#### Material provided
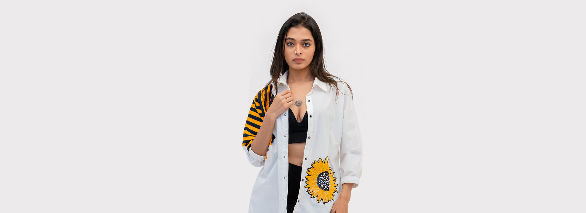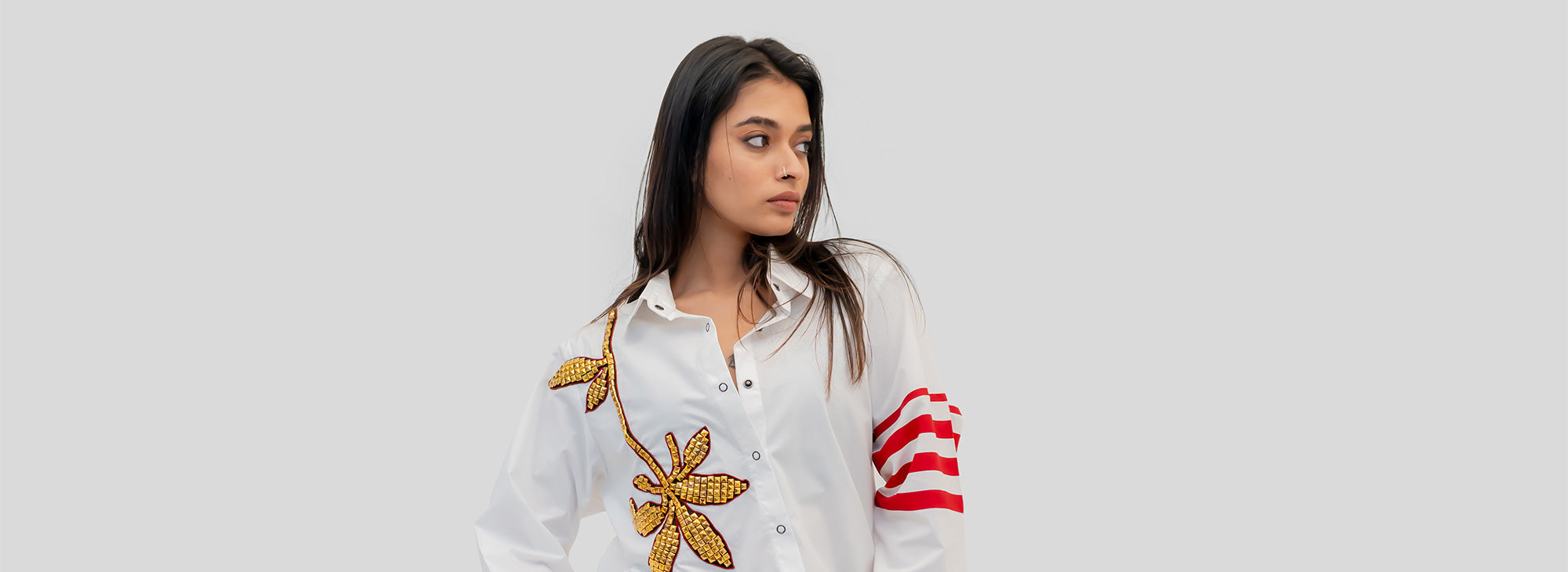 White Cotton Shirt with Contrast Sleeves and Embroidery
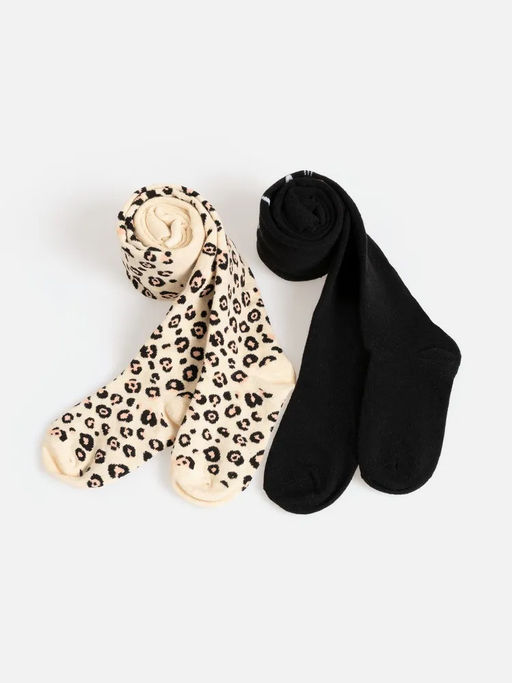 Набор из 2-х пар детских хлопковых колготок поможет создавать забавные и стильные образы. Колготки выполнены из мягкой и дышащей хлопковой пряжи, которая делает их подходящими для длительного ношения. По линии талии расположена мягкая эластичная резинка, благодаря которой обеспечивается удобная посадка для девочек разного телосложения. В набор входит одна пара черных колготок с рисунками кошачьей мордочки в районе колен, и одна пара бежевого цвета с леопардовым принтом. Стильные теплые колготки для девочки оригинально дополнят образы, придавая каждому из них уникальный штрих. Изделия подойдут для создания аутфитов на каждый день.20234460065
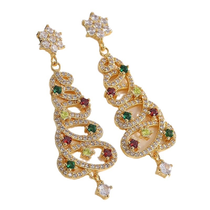 彤彤兔 S925银针欧美圣诞耳环彩色流苏圣诞树耳钉闪钻镂空长款耳饰品
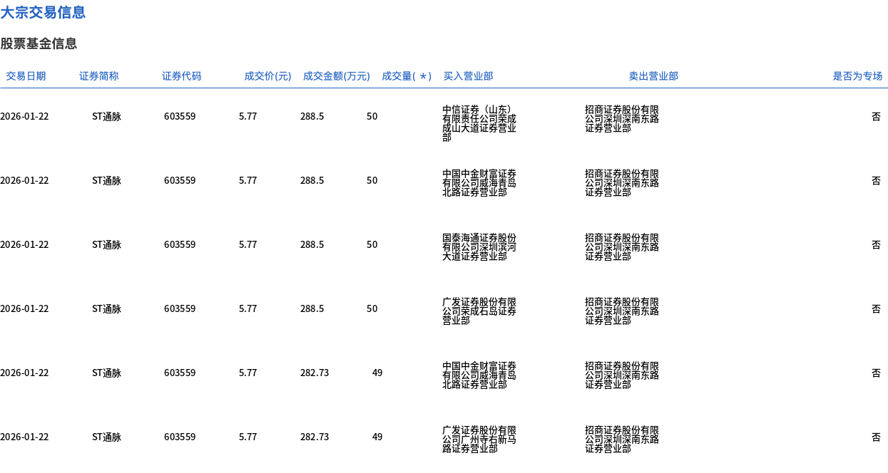 1月22日,ST通脈大宗交易成交298萬股,成交額1719.46萬元,占當(dāng)日總成交額的13.48%,成交價5.77元,較市場收盤價6.36元折價9.28%。
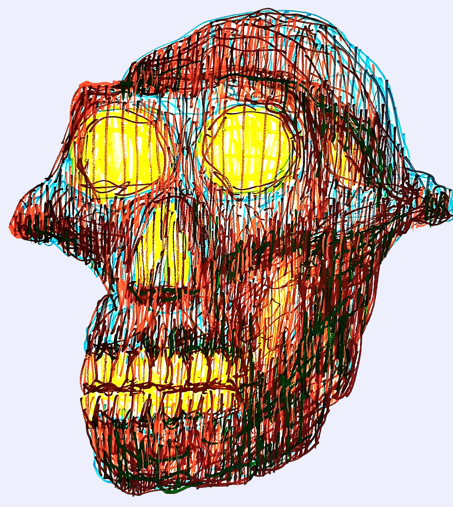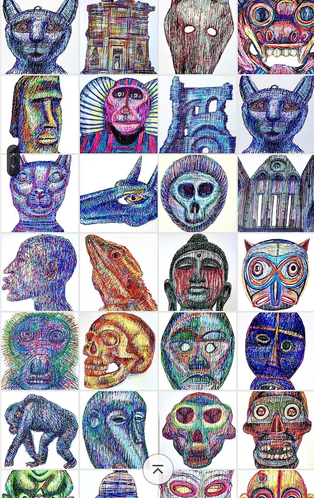 In this series, you will find an eclectic mix of subjects-from the primal energy of a roaring animal to the whimsical charm of a rooster in sunglasses or a perfectly rendered fried egg. Many of these pieces utilize a dense, multi-layered “cross-hatching” technique, creating a tactile sense of depth and movement on the page. Whether it is a surreal tribal mask, a focused study of a human eye, or the organic curves of a turtle shell, each work is a celebration of spontaneity and graphic precision.
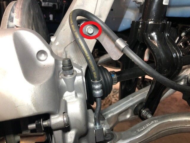 安装将左前制动钳软管支架固定到左前转向节的螺栓。
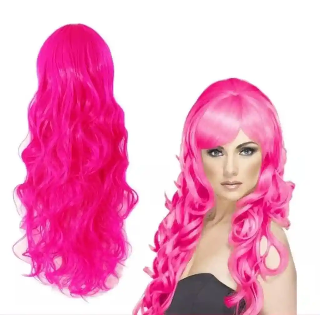 PELUCA LARGA ONDULADA FUCSIA NEON ACCESORIO HALLOWEEN
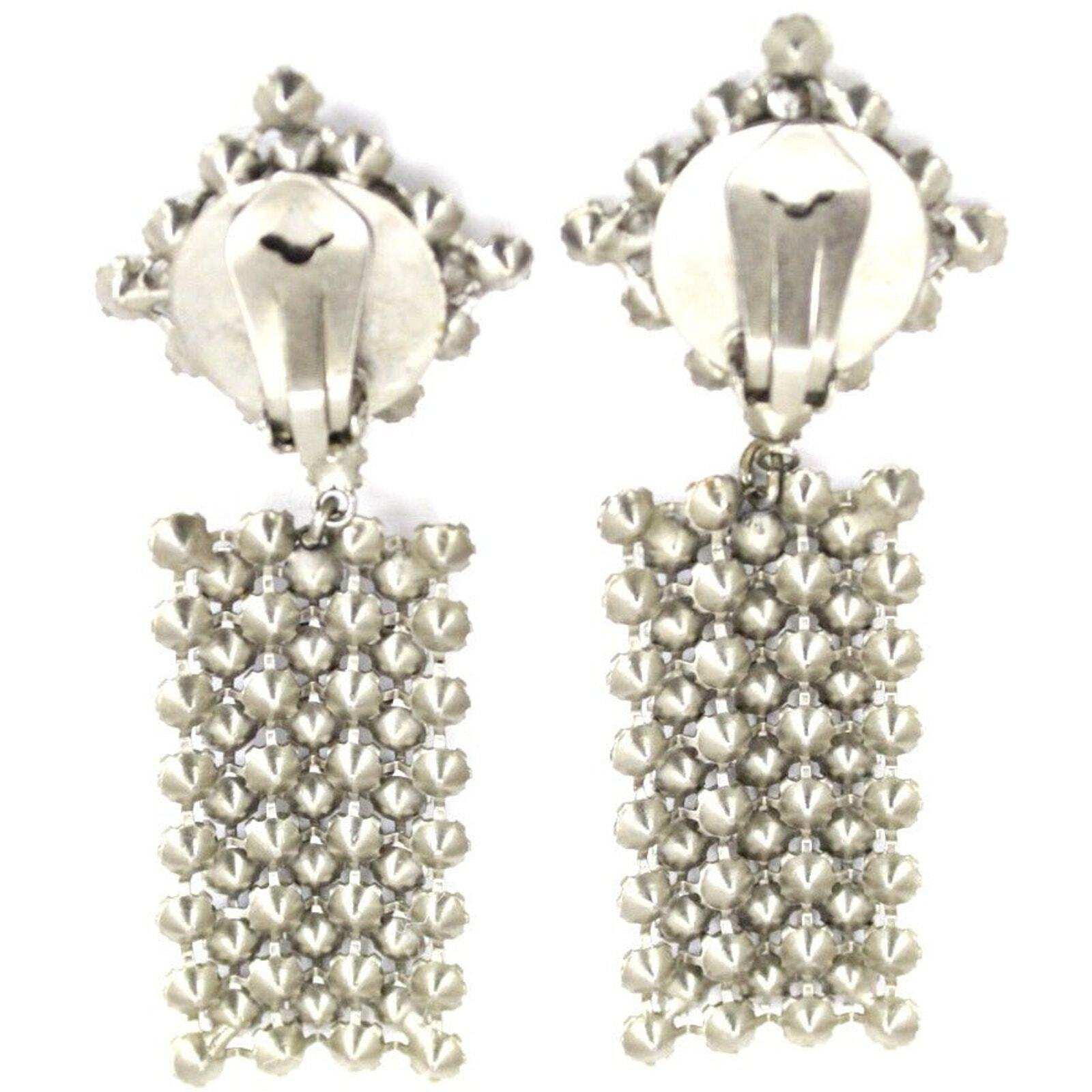 vtg Earrings Statement Blue Clear Stepped Rhinestones Clip Back White Metal 3.5"
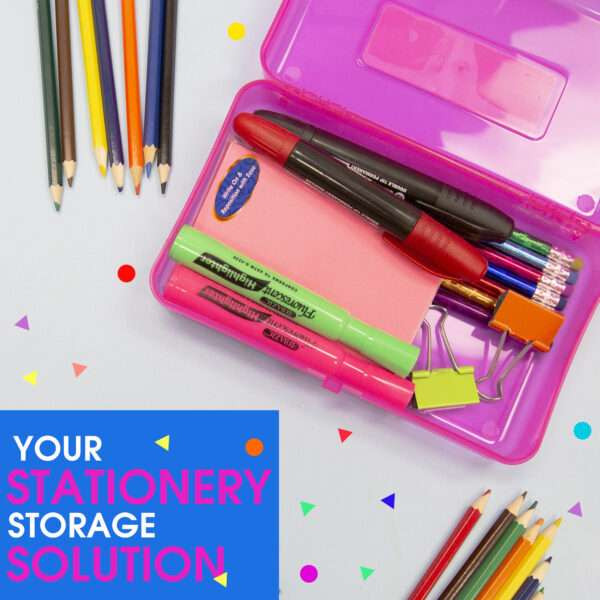 - BRILLIANT DESIGN. Assorted Colors. Clear and transparent design keeps contents visible. Allows you to see through the box to easily locate items. Available in bulk school supplies to save your costs.
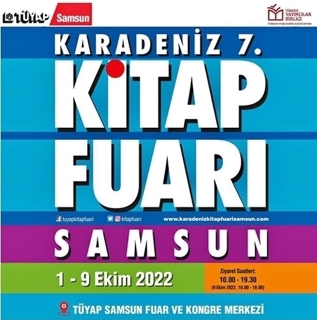 TÜYAP 7. Karadeniz Kitap Fuarı; 01/ 09 2022 tarihleri arasında; okurlarıyla buluşmanın sevinç ve heyecanını yaşıyor.Bu yıl ki TÜYAP Kitap Fuarı'na Samsun Yazarlar Derneği de 50'nin üzerinde şair ve yazarıyla fuara hazır durumda.Samsun Yazarlar Derneği Başkanı yazar ve şair Ahmet SEVEN; Samsun Bülteni adlı sitesinde; furlailgili olarak şöyle dedi:" Bugüne kadar 6.sı düzenlenen ve bu yıl 7. düzenlenecek olan Tüyap Karadeniz Kitap Fuarının heyecanı sürüyor.Karadeniz Kitap Fuarı Ülkemizin en büyük Kitap Fuarlarından birisi.Geçmişten bugüne Fuarlar Şehri olarak ’ta bilinen Samsunda düzenleniyor olması ayrı bir anlam taşıyor.Muhteşem bir organizasyonla gerçekleşiyor.Onbinlerce ziyaretçi tarafından geziliyor.Bu yıl 1-9 Ekim 2022 tarihleri arasında düzenlenecek olan fuarda kitapseverlerin Karadeniz buluşması yaşanacak." ( Yazının tamamını okumak için: http://www.samsunyazarlardernegi.com/haber-detay.php?haberid=17699TÜYAP, 7. Karadeniz Kitap Fuarı'na katılacak bazı şair ve yazarların isimleri şöyle:( sıralama Samsun Yazarlar Derneği'nin paylaştığı isim ve resimlere göredir )Ahmet Seven (SAY-DER Başkanı ), Doğan Kan( SAY-DER Bşk. Yrd. ), Volkan Çekirdek, Gülten Subaşı Kaya, İlkay Eyüpoğlu Odabaş, Adnan Öz, Bilsen Şahin, Nadime Çakır Pelit, Semra İplikçi, İbrahim Ünlü, Fatma Paksoy, Oktay Zerrin, Mevlüt Eşgünoğlu, Hasan Topuz, Ata Nuri Güler, Hilal Genç, Melahat Kanoğl u, Mehmet Alan( Birfani ), Halime Sel Özgen, İrfan Ertav, Hasan Akbaş, Celal Demir, Nermin Eker, Melek Başkan, Alaeddin Dursun, Tuba Devrim, Suat Eşitken, İlknur Damla Beytekin, Bengül Alkan.TÜYAP 7. Karadeniz Kitap Fuarı'na başka şair ve yazarların da katılımıyla sayının 50 ve üzerinde olması bekleniyor.Bazı yazar ve şairler ise; Samsun ve diğer illerde kitapları değişik yayınevlerince basılan ilgili yayınevlerinin standlarında kitaplarını okurlara imzalayacak.Ayrıca; Samsun Eğitim Derneği, Samsun Millî Eğitim Müdürlüğü, Edebiyat Nöbeti Dergisi ve Samsunlu Sanatçılar Derneği( SASAD) da; TÜYAP 7. Karadeniz Kitap Fuarı'ndaki standlarıyla yer alacak.Haber: Oktay ZERRİN- Samsun EĞİTİM
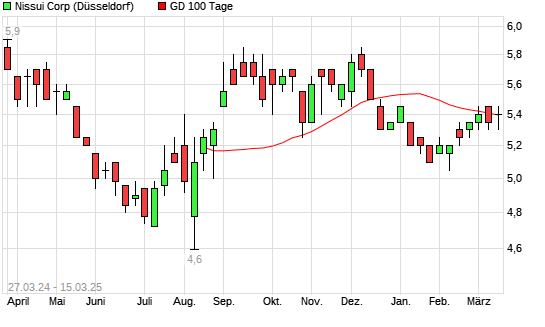 Mit dem Anstieg auf 5,45 EUR hat die Nippon Suisan Kaisha-Aktie am 14.03.2025 die 100-Tage-Linie nach oben gekreuzt.Die Nippon Suisan Kaisha-Aktie befindet sich seit dem 26.02.2025 im langfristigen ...weiterlesen
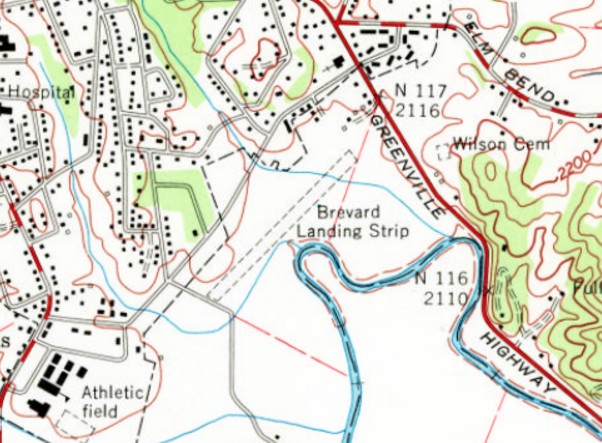 The 1965 USGS topo map (courtesy of Dallam Oliver-Lee) labeled the field as “Asheville-Hendersonville Airport (abandoned)”.
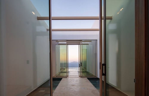 The entire concept rounds off with the stunning 240 degrees uninterrupted sea views of the white village and lights of Agios Nikolaos, as well as the relaxing sound of the waves splashing. 2 swimming pools and several water spots in and around the house, made with exclusive Rajasthan marble tiling, always reflect the color of the sea offering an unprecedented infinity look all day long, while seating areas at different sea levels provide a wide range of panoramas.
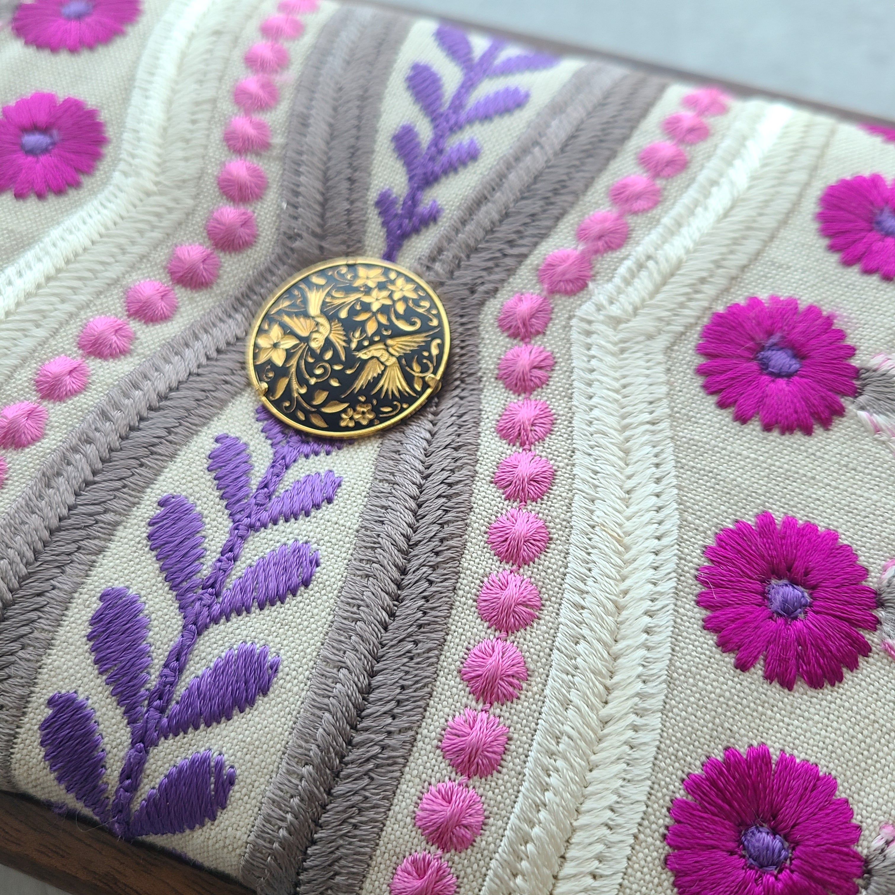 こちらは、ヴィンテージ蜂モチーフのチャーム × 意匠性の高い刺繍インポート生地 を組み合わせた、一点物の木製ジュエリーボックスです。
########
§ Task description: No picture is to be printed. Output exactly the lines above from the line containing "Набор из 2-х" through the line containing "1月22日,ST通脈大宗交易".

§ Written answer:
 Набор из 2-х пар детских хлопковых колготок поможет создавать забавные и стильные образы. Колготки выполнены из мягкой и дышащей хлопковой пряжи, которая делает их подходящими для длительного ношения. По линии талии расположена мягкая эластичная резинка, благодаря которой обеспечивается удобная посадка для девочек разного телосложения. В набор входит одна пара черных колготок с рисунками кошачьей мордочки в районе колен, и одна пара бежевого цвета с леопардовым принтом. Стильные теплые колготки для девочки оригинально дополнят образы, придавая каждому из них уникальный штрих. Изделия подойдут для создания аутфитов на каждый день.20234460065
 彤彤兔 S925银针欧美圣诞耳环彩色流苏圣诞树耳钉闪钻镂空长款耳饰品
 1月22日,ST通脈大宗交易成交298萬股,成交額1719.46萬元,占當(dāng)日總成交額的13.48%,成交價5.77元,較市場收盤價6.36元折價9.28%。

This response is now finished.